Spades is a fun and exciting card game that people all around the world love to play. The game uses a standard 52-card deck and requires smart planning, guessing and teamwork. This guide will help you learn all the important parts, rules and ways to play the game well. After reading this, you'll be ready and confident to enjoy playing Spades.
Setting Up the Game
- Players: Spades requires four players, pairing up into two fixed partnerships. Teammates should sit across from each other to maintain a flow of play between alternating competitors.
- Deck: Use a normal set of 52 cards. Each suit has cards ranked from highest to lowest, starting with Ace, King, Queen and so on, down to the number two. Jokers are not used in this game.
Objective
- The main goal in Spades is to work with your partner to win tricks (rounds) and earn points. Together, you try to win the number of tricks you guessed.
Dealing the Cards
- Cards are dealt one at a time, clockwise, giving each player 13 cards.
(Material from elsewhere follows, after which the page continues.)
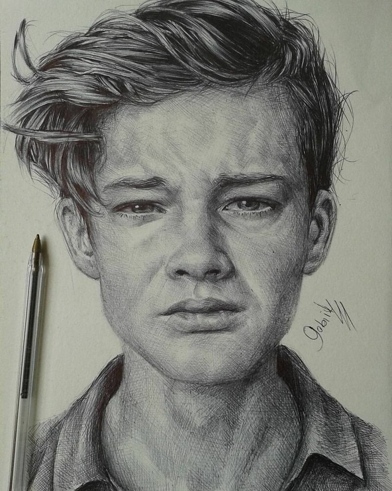 ![Портрет гелевой ручкой]()

- In each game, there are several rounds. The role of the dealer rotates clockwise each round, ensuring that each player gets a turn to deal the cards.
Bidding
- After looking at their cards, players guess how many tricks they think they and their partner will win together. This guess is called a bid.
- Starting with the player to the left of the dealer, everyone takes turns bidding in a clockwise direction, continuing until everyone has made a bid.
- A player has the option to bid Nil, indicating they won't win any tricks in the game. Successfully doing this awards their team an extra 100 points. However, if they fail, their team loses 100 points.
Playing the Game
- Starting a trick: Each trick begins with the first player putting down a card. The person sitting left of the dealer goes first. Spades are special cards that you can't use to start a trick unless Spades have been broken in a previous trick, or if a player only has Spades left in their hand.
- Playing the Same Suit: Everyone needs to play a card of the same suit that the first player put down, as long as they have one. This is called following suit.
Winning a Trick
- The highest card of the starting suit usually wins the trick. But if there's a Spade, then the highest Spade wins instead.
- The trick’s winner starts the next one.
Scoring: Tracking Progress and Victory
- If a team reaches or goes beyond their bid, they get points. They earn 10 points for each trick they guessed they’d win and they get extra points, called bags, for additional tricks won. But, if a team gets 10 bags, they lose 100 points and this penalty is cumulative.
- If a team doesn’t reach their bid, they lose points. The points lost are ten times the number they bid.
Winning the Game
- The game of Spades is won by the first team to reach 500 points. This ends the game and that team is declared the winner.